■ Data extract ■
____

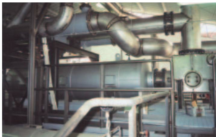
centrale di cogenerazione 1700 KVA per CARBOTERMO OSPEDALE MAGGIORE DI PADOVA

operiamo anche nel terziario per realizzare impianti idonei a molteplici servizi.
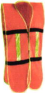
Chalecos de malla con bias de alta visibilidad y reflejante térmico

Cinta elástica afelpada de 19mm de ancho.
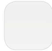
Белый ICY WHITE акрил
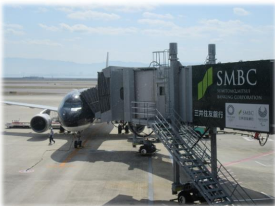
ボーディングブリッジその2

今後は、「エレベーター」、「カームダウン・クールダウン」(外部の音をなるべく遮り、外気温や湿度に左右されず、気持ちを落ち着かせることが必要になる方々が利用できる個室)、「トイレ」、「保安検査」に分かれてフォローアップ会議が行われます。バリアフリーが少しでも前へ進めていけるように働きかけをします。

____

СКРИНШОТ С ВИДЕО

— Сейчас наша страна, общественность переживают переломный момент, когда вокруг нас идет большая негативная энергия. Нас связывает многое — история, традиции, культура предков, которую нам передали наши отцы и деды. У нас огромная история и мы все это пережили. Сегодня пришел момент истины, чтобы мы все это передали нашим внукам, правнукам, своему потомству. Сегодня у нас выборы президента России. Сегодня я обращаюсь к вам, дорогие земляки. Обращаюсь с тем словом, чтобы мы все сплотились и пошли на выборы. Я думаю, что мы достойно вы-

____

Lines to set down from above: the line with "СКРИНШОТ С ВИДЕО", the line with "наша страна, общественность", and every line between, each exactly as written.

СКРИНШОТ С ВИДЕО

— Сейчас наша страна, общественность переживают переломный момент, когда вокруг нас идет большая негативная энергия. Нас связывает многое — история, традиции, культура предков, которую нам передали наши отцы и деды. У нас огромная история и мы все это пережили. Сегодня пришел момент истины, чтобы мы все это передали нашим внукам, правнукам, своему потомству. Сегодня у нас выборы президента России. Сегодня я обращаюсь к вам, дорогие земляки. Обращаюсь с тем словом, чтобы мы все сплотились и пошли на выборы. Я думаю, что мы достойно вы-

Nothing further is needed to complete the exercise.